Available records
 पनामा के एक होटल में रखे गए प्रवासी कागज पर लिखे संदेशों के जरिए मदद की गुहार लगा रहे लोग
* * *
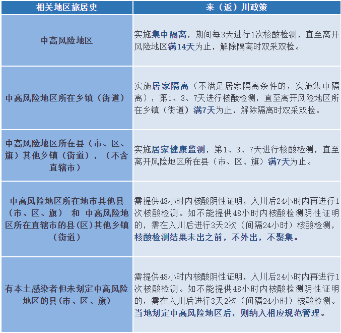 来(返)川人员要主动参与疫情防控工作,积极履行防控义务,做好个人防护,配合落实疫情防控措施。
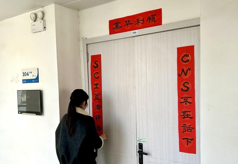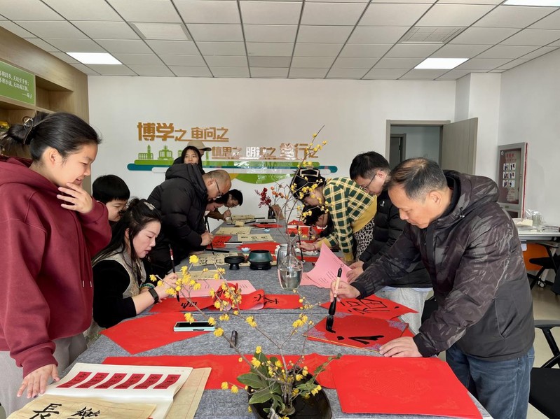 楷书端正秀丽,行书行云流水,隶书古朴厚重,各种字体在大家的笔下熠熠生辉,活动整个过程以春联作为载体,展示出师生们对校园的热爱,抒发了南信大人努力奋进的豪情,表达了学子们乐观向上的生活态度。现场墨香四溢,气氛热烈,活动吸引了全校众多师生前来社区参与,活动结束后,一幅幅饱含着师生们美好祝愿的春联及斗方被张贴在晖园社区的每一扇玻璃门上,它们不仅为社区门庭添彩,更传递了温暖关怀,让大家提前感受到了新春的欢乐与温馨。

Try it
Go to the line above that has "来(返)川人员要主动参与疫情" and copy exactly from there down to the line that has "楷书端正秀丽,行书行云流水,隶书古朴厚重", both included. Leave the pictures out.

Task output
 来(返)川人员要主动参与疫情防控工作,积极履行防控义务,做好个人防护,配合落实疫情防控措施。
 楷书端正秀丽,行书行云流水,隶书古朴厚重,各种字体在大家的笔下熠熠生辉,活动整个过程以春联作为载体,展示出师生们对校园的热爱,抒发了南信大人努力奋进的豪情,表达了学子们乐观向上的生活态度。现场墨香四溢,气氛热烈,活动吸引了全校众多师生前来社区参与,活动结束后,一幅幅饱含着师生们美好祝愿的春联及斗方被张贴在晖园社区的每一扇玻璃门上,它们不仅为社区门庭添彩,更传递了温暖关怀,让大家提前感受到了新春的欢乐与温馨。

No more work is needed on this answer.